NIGHT TERRORS AND THE FLOODED CONFESSIONAL


We told Mom about Danny. We had to. I explained the incident the best I could, though I cried through the gory parts and used the word “dickface” at least once while describing A.J.'s betrayal.

“You sweet, darling girl,” Mom said, sobbing for Mara and holding her close.

“I'm okay, Mrs. Parker,” she replied as if declining a second helping of potatoes. “Dorothy was a special cat, but I'll be fine!”

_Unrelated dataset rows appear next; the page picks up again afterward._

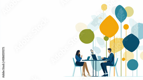 A diverse group of professionals collaborates at a table with laptops, set against a backdrop of stylized, abstract trees and colorful shapes.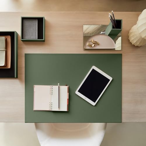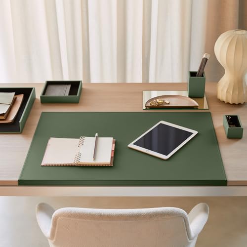 Eglooh – Calliope – Sottomano Scrivania Ufficio in Cuoio Verde cm 70×50 – Struttura in Acciaio con Profilo a L, Raffinate Cuciture Artigianali e Fondo Antiscivolo – Made in Italy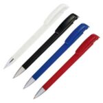 Part of an extensive range of Personalised Pens from RT Promotions the Koda Deluxe Ball Pen is manufactured in a classic design – so much so, we have multiple variations for this one pen, and we wouldn’t do that unless it was a popular choice. You’ll get a quality feel from this well finished push action ball pen which features a real metal nose cone – giving you weight and a substantial feel. Available in some nice colours – perhaps there’s a colour that compliments your brand identity? Offering multiple branding positions, from the clip to the barrel, and in multiple print colours, the pen offers loads of possibilities. They look great when branded and remember, if your artwork fits we’ll print it on there for you. Black Ink.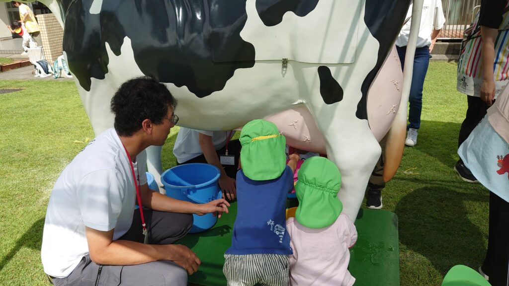 興味津々に話を聞いたり、一生懸命に搾乳体験をする姿がとても可愛いらしかったです。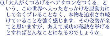 今のお客様は、本当に知識が豊富で半端なサービスではウソが見抜かれてしまいます。 例えば、取り扱っている商品ひとつをとっても成分をしっかりと把握しておかなければ、信用は得られません。 信用がないサービスに安心はないですし、本当の心地よさは得られませんよね。 ですから、ウチではスタッフ全員が扱っている商品の成分を熟知しています。 私も含めて3人が毛髪診断士の資格も取得しています。接客にしてもそうです。 ただ、闇雲に元気な声で「ありがとうございました」では、不快な場合もある。 雑誌や飲み物をお出しするにしても、タイミングや好みなどがある。空気感が読めて、 引き加減を知ることが大切だと思います。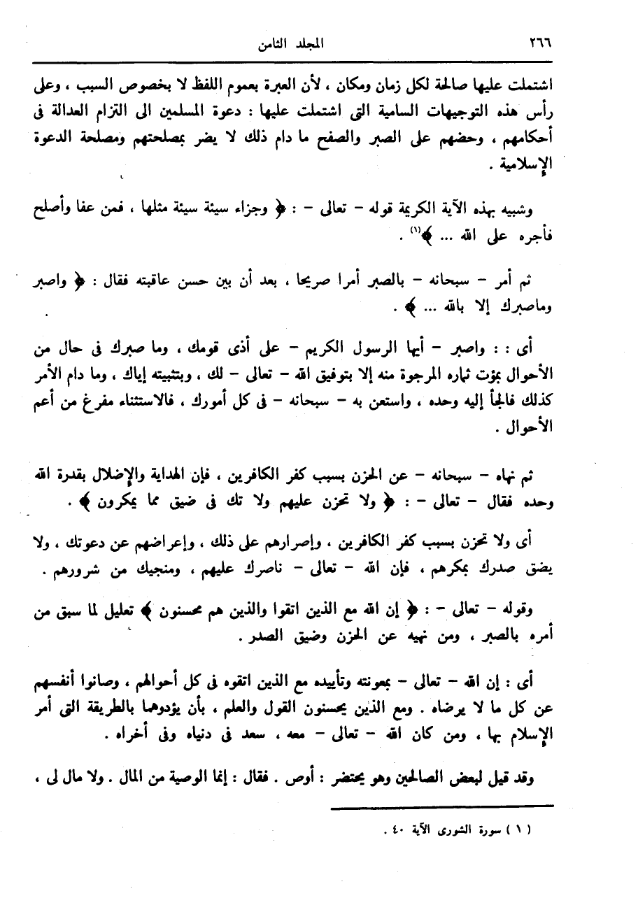 وشبيه بهذه الآية الكريمة قوله- تعالى-: وَجَزاءُ سَيِّئَةٍ سَيِّئَةٌ مِثْلُها، فَمَنْ عَفا وَأَصْلَحَ فَأَجْرُهُ عَلَى اللَّهِ ... «1» .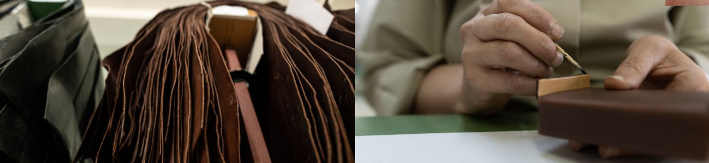 Our leather products are made exclusively from traditionally crafted and vegetable-tanned full-grain cowhide. We journey to Tuscany for our saddle leather, which retains its natural colour and is otherwise untreated and raw.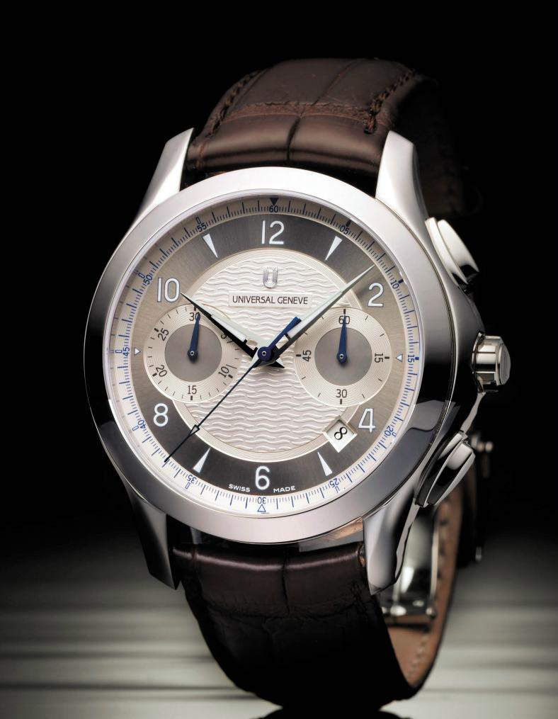 Выпущенный в 1936 году хронометр Compax мог похвастаться революционным на тот момент хронографом: впервые появившиеся счётчики минут и часов отображали суммарное время “события”. Семьдесят три года спустя Universal Geneve представляет лимитированную серию некогда популярной модели. Новая версия часов – гармоничное сочетание изысканности и простоты. Элементы модерна на циферблате и безусловное уважение традиций – взвешенный профессиональный подход. К первым, прежде всего, относиться антрацитового цвета циферблат с гильошированным узором звезд и концентрических сфер Коперника, а также синяя сталь вспомогательных стрелок и указателей. Полированные фактурные стрелки часа с острой кромкой - удачный финальный аккорд композиции. Механизм ручного завода декорирован в лучших традициях часового дела: скос и полировка деталей, пескоструйная обработка поверхности с последующим нанесением антикоррозийного родия, финиширование в стиле Cotes de Geneve. Механизм калибра UG 84.2 реализован на 17 рубинах, скорость вращения – 21,600 пик/ч Стальной корпус. Антибликовое сапфировое стекло циферблата, прозрачное окно задней крышки корпуса. Водонепроницаемость – 50 атм. Браслет – кожа аллигатора, эксклюзивный замок. Стальной корпус – лимитированная версия 190 экземпляров, а также: 70 экземпляров –розовое золото, 20 экземпляров – жёлтое золото.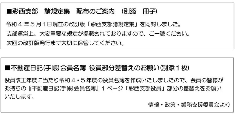 公益社団法人 埼玉県宅地建物取引業協会「彩西支部からのお知らせ」2022年6月号(2)  PDFでもご覧いただけます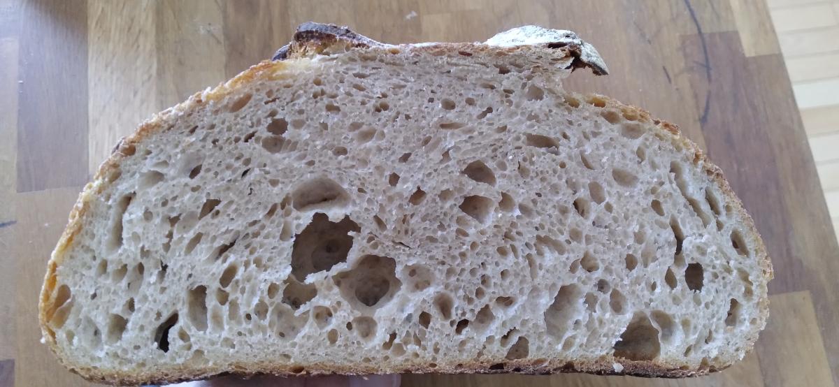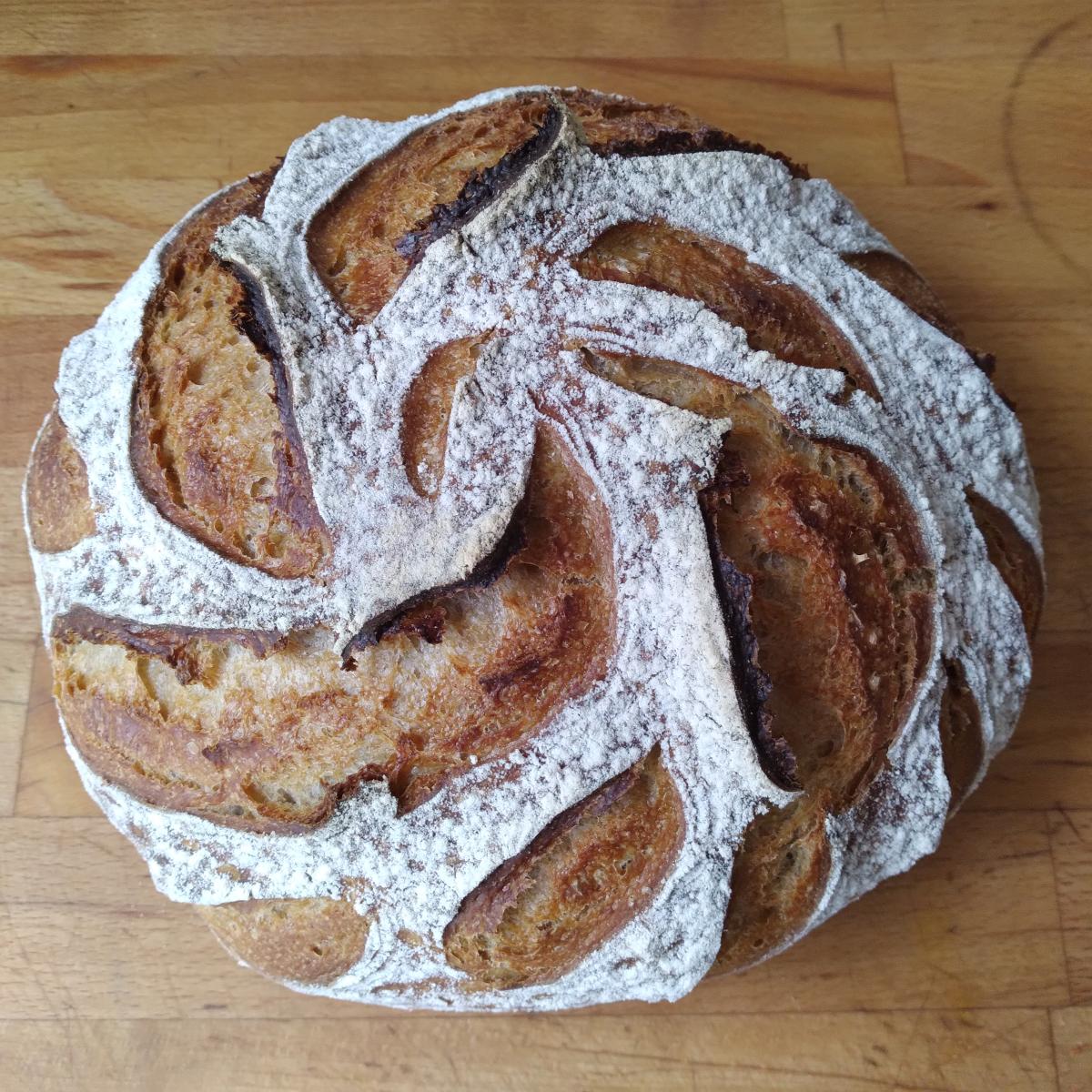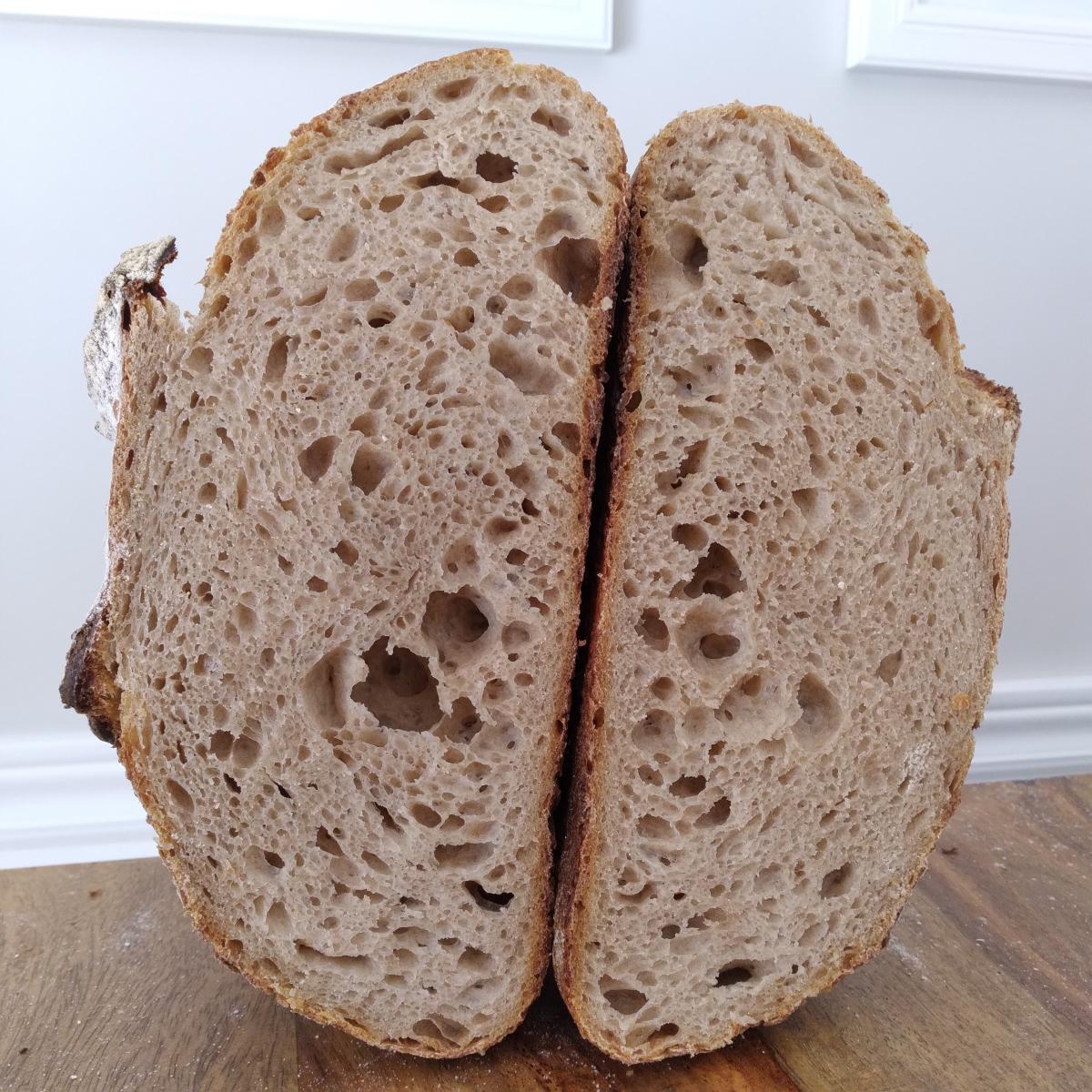 10-12% active whole spelt starter (vol double in 5h - ratio 1:1.5:1.5)

Dad talked Mom out of filing a police report, claiming Danny was a disturbed little boy who only needed a push in the right direction... not jail time. He even offered to call Danny's uncle to recommend a psychologist. “To help control the violent impulses,” he said.

“It’s not just Danny,” Livy added. “Sometimes, I hear voices in the woods...”

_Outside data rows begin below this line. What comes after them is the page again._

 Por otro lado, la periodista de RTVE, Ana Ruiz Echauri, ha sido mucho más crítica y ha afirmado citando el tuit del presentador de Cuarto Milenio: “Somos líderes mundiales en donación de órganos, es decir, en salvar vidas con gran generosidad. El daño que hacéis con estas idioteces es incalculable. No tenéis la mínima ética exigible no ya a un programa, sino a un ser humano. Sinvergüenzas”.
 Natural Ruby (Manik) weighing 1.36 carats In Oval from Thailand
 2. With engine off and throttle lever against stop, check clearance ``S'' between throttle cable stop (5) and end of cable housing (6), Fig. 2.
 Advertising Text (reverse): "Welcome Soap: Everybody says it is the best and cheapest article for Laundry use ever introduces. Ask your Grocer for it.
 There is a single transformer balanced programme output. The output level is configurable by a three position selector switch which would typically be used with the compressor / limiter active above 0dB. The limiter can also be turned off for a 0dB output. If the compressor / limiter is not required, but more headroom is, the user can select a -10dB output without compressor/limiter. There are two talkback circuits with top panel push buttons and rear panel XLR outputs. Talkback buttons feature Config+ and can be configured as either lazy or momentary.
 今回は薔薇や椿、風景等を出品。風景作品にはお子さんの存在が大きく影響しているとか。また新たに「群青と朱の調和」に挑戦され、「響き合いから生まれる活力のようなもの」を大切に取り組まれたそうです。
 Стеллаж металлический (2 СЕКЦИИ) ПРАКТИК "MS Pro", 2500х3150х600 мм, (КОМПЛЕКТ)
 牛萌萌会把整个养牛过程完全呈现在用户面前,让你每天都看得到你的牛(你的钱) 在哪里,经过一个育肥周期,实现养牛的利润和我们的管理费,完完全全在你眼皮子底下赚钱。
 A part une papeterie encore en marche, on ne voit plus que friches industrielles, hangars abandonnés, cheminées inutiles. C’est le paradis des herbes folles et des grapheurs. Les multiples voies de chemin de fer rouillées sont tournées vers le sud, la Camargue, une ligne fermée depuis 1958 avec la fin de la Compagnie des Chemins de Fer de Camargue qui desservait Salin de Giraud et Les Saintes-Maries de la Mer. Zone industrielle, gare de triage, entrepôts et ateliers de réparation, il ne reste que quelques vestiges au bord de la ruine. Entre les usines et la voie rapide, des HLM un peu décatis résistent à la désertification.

With Mom’s supervision, Dad armed himself with a crowbar and overalls and marched to the mysterious hideout as if he actually had a clue. I stood on my bed between Mara and Livy. Together, we watched my Dad putter around the trees as if he lost a contact. Mom pointed to a fresh candy wrapper and a trio of discarded pop cans. They peered down The Great Divide, then inspected the view of Mara’s window from various positions among the trees. Dad used the crowbar to pry the wooden rungs from the trunks.

Until the grownups deemed the property safe, Mara wasn't allowed out of the house without supervision, and I wasn’t allowed to ride my bike to Whit's.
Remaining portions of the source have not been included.